SUPPLIED RECORDS Block Start
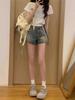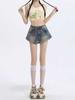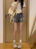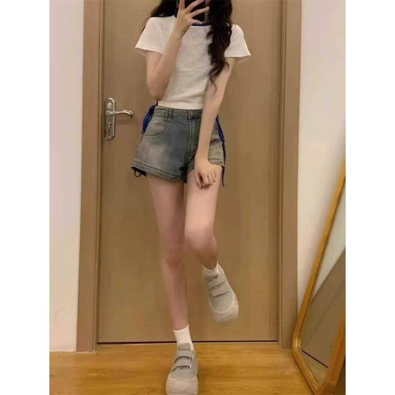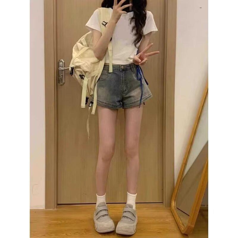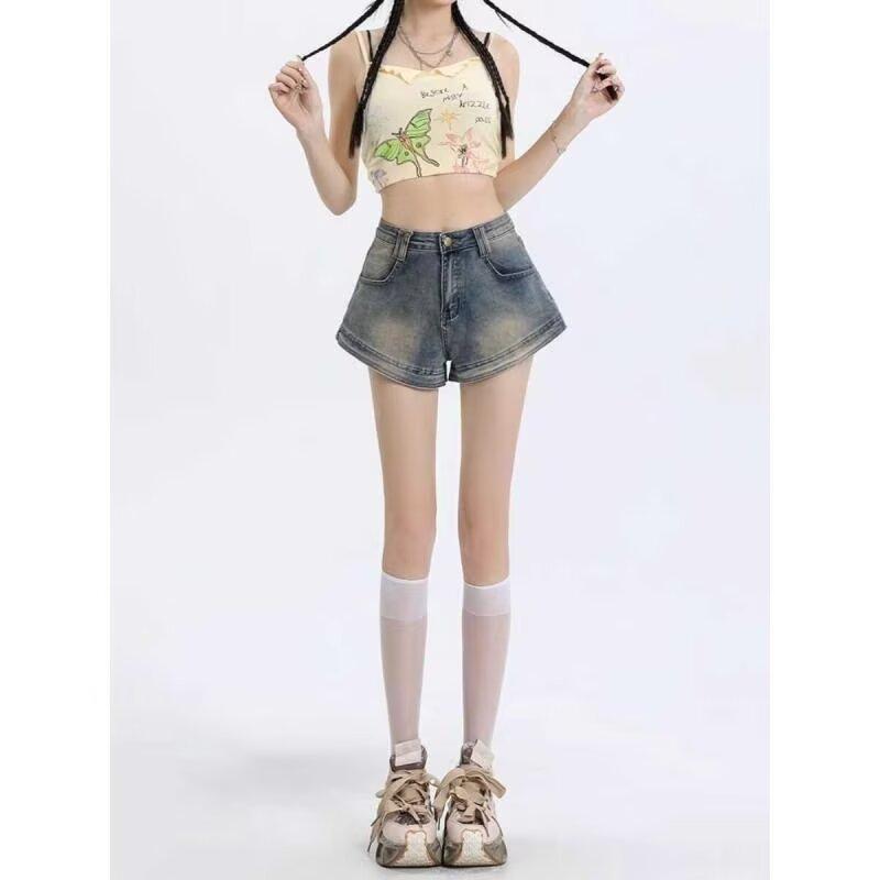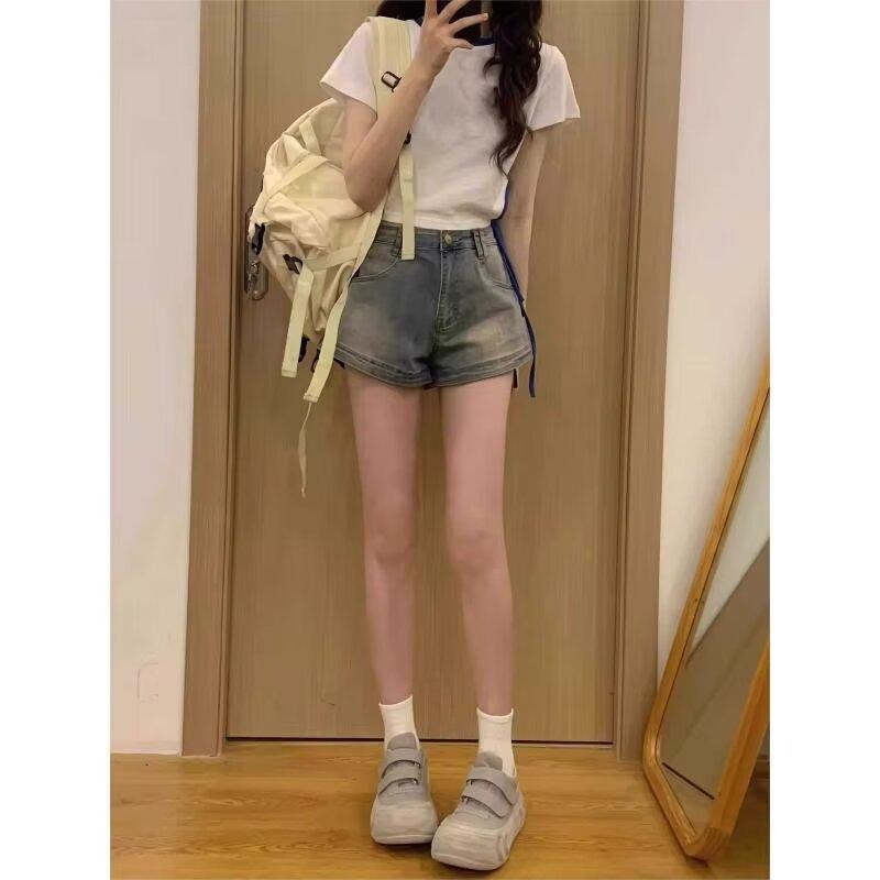Pantalones cortos vaqueros retro americanos para mujer, de verano, con diseño de chica sexy, cintura alta, ajustados, adelgazantes, estilo A-shorts.
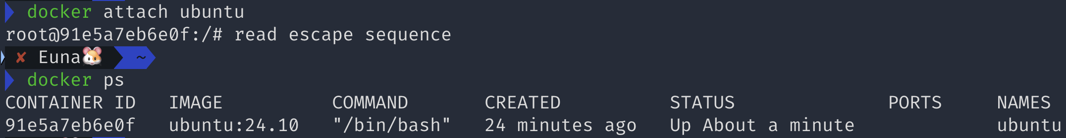 접속을 종료할 때는 아까 알려드렸던 ^ + P , ^ + Q 를 연속으로 눌러 접속을 종료하였습니다.
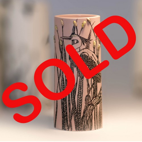 15cm high. Orange porcelain with blue etching, bird sprigs and painted birds.
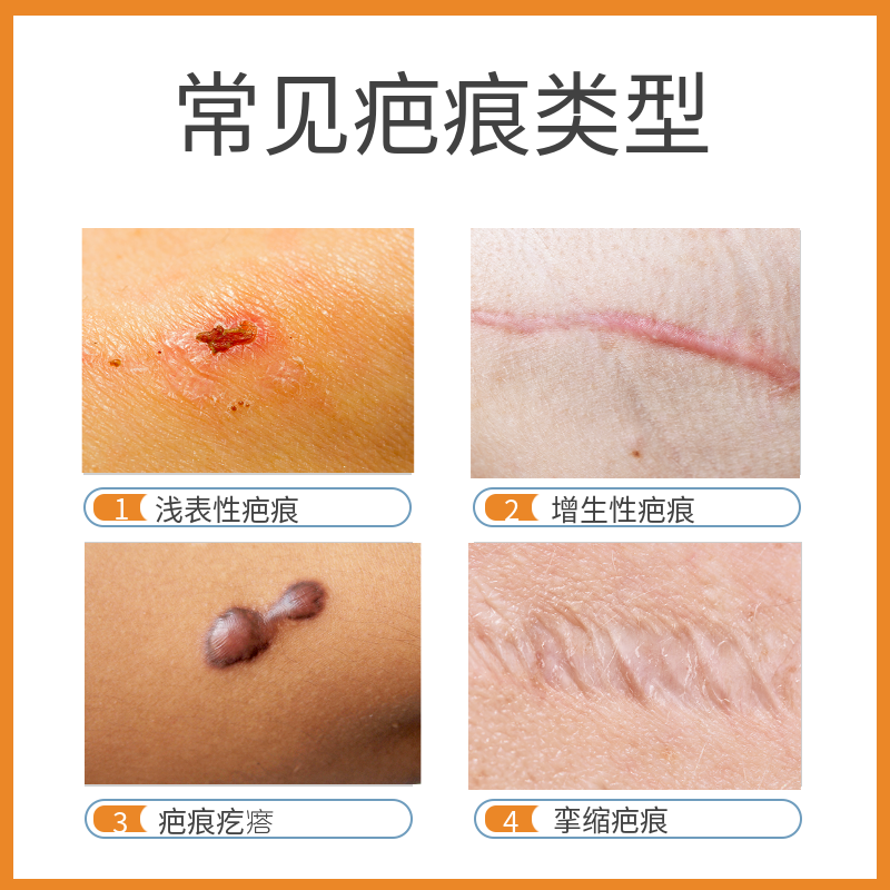 想要治疗疤痕,首先要了解疤痕。疤痕大体上可以分为四大类,分别为增生性疤痕、疤痕疙瘩、凹陷疤痕和挛缩疤痕。在这里讲几个只从外观上就可判断出疤痕类型的最简单的方法。
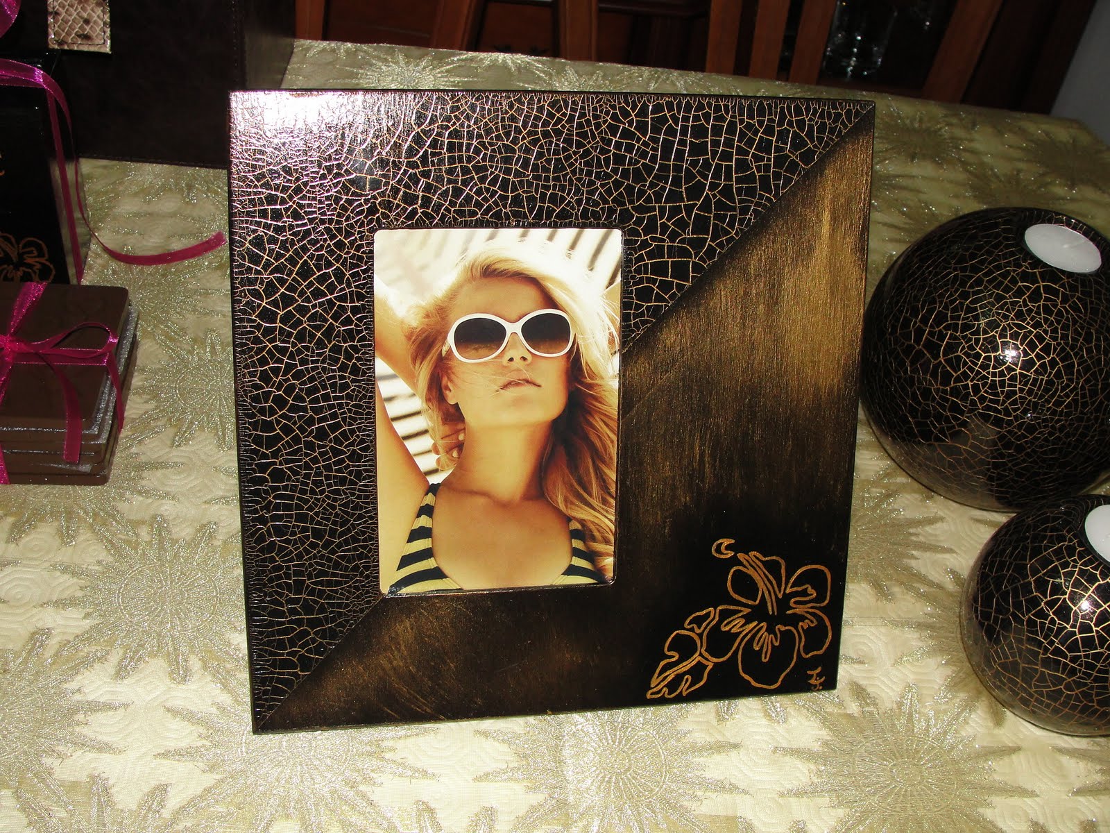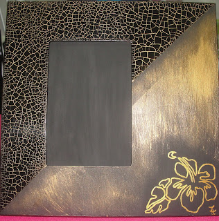 Descrição: moldura de madeira pintada à mão em preto, aplicação de craquelé, aplicação de patine dourada e pintura em dourado de flor, verniz finalizador.
SUPPLIED RECORDS Block End
An exact copy of the records above is needed, with the pictures removed.

Pantalones cortos vaqueros retro americanos para mujer, de verano, con diseño de chica sexy, cintura alta, ajustados, adelgazantes, estilo A-shorts.
 접속을 종료할 때는 아까 알려드렸던 ^ + P , ^ + Q 를 연속으로 눌러 접속을 종료하였습니다.
 15cm high. Orange porcelain with blue etching, bird sprigs and painted birds.
 想要治疗疤痕,首先要了解疤痕。疤痕大体上可以分为四大类,分别为增生性疤痕、疤痕疙瘩、凹陷疤痕和挛缩疤痕。在这里讲几个只从外观上就可判断出疤痕类型的最简单的方法。
 Descrição: moldura de madeira pintada à mão em preto, aplicação de craquelé, aplicação de patine dourada e pintura em dourado de flor, verniz finalizador.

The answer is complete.